The credit crunch gets uglier

So much for the idea that this summer’s credit turmoil is over. Global investors have succumbed to a new bout of jitters, with banks’ exposure to America’s crumbling subprime mortgage market back in the spotlight.

Investors have been reeling from Merrill Lynch’s admission that it is taking $8bn of losses on mortgage-related securities, a write-down twice as large as the group had forecast only a fortnight earlier. A note on Citigroup suggested the bank may have to cut its dividend to shore up its balance sheet, while Citi admitted that it is writing down a further $8bn-$11bn – dwarfing the $3.3bn charge it took at the end of the third quarter – and cannot be sure this sum will be sufficient. A Merrill Lynch note saying UBS could face an additional $8bn write-down this quarter also fuelled fears of further nasty surprises in the months ahead. 

America’s Dow Jones index had its worst day since 9 August last Thursday, when US financial stocks, which comprise 20% of the S&P 500, endured a 4.6% sell-off, their sharpest in five years. Both the S&P 500 and the FTSE 100 lost almost 2% last week and kept sliding early this week, with the latter depressed by Barclays hitting a two-year low as investors fretted about its subprime exposure. Uncertainty is rife: “people just don’t know what’s on the balance sheets”, said Brian Gendreau of ING. 

The trouble is that there is little consistency in the way banks do their accounting, while derivatives based on mortgages are thinly traded and hard to value. But the outlook for the value of mortgage-backed debt is worsening. The ABX index, which tracks bonds containing subprime mortgage debt (this is packaged into collateralised debt obligations sold worldwide to banks, hedge funds and other financial institutions) is the only tool available to measure sentiment in the subprime world.

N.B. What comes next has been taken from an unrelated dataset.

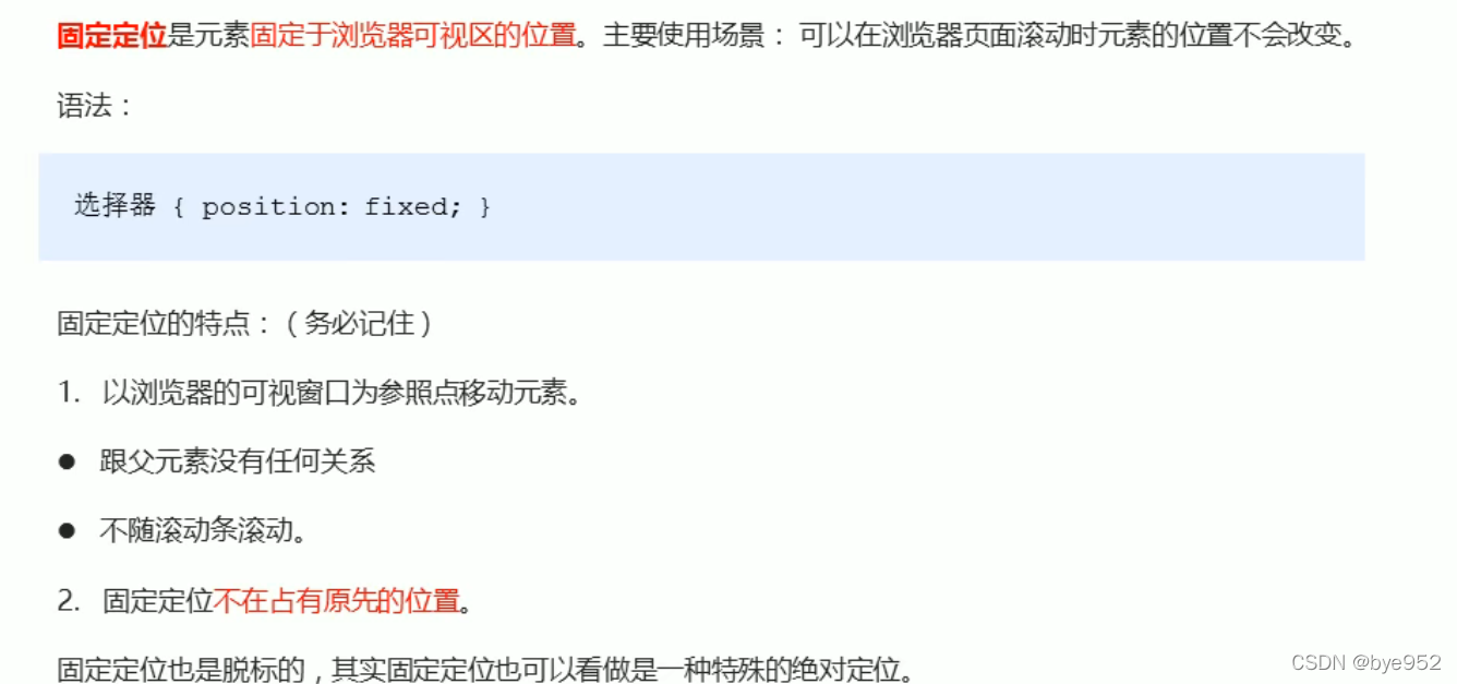 2.当我们滚动窗口时,盒子是固定屏幕某个位置的

It shows that even the supposedly safe tranches of subprime-linked mortgage debt, rated AAA and AA, have fallen in value by 20% and 50% respectively, says the FT’s Gillian Tett. 

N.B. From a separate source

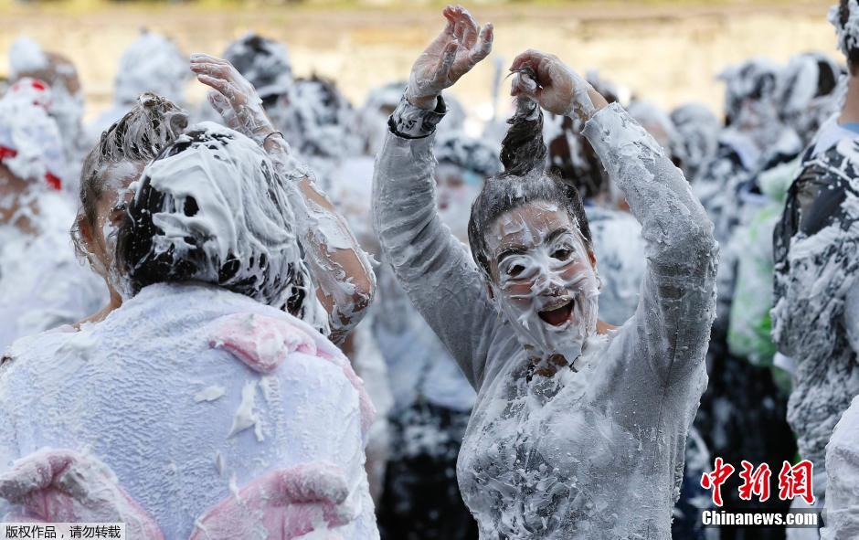 当地时间2014年10月20日,苏格兰圣安德鲁斯大学学生在传统庆典“周一葡萄干”节中进行泡沫大战。这个节日追溯于该校成立伊始,当时每个新生要向高年级学生呈交1磅(454克)的葡萄干,以此对老生帮助他们适应大学生活表示感谢。随着时间的推移,新生们还需向老生索要收取葡萄干的“收据”以作证明。如果没有这份“收据”,则要被按进当地的喷泉中接受处罚。这一习俗演变到今天就变成了热闹非凡的泡沫大战。

Ratings agencies have been downgrading these securities as the news from the subprime market has grown worse. According to Barclays Capital, 16% of subprime mortgages taken out in January 2006 are in default and 28% are in arrears beyond 30 days. With low introductory interest rates on many subprime mortgage loans expiring after 12-18 months, it’s no wonder a Congressional Report suggests that over two million homes financed by subprime loans will go into foreclosure over the next 18 months. “Take this to the bank,” says John Mauldin on Investorsinsight.com: there will be more bank write-downs “as more and more mortgages go into foreclosure, forcing more downgrades of asset-backed paper”. And as the housing bust intensifies, problems will spread beyond the subprime sector. The housing bust will “hobble” any recovery in the global credit markets for months to come, says Ambrose Evans-Pritchard in The Daily Telegraph

Mortgages aren’t the only issue bedevilling investors. Companies that insure bonds, such as America’s MBIA and AMBAC, may be hit by the subprime fallout. Many transactions – not just those linked to subprime derivatives – depend on their guarantee, so if their exposure to subprime problems led to their credit rating being downgraded, that would cut the value of bonds they insure, producing a knock-on effect across the credit market. “This panic has ‘contagion’ written all over it,” says Lex in the FT.

More broadly, mounting credit problems at banks imply tighter lending and a slower economy – which is already threatened by consumer retrenchment amid sliding house prices. The crunch has already spurred a sharp tightening in lending criteria for US businesses and households, notes Capital Economics.

Throw in declining US profits and the fact that it’s far from clear that Europe and Asia can offset America’s economic weakness, and the outlook is growing uglier by the day.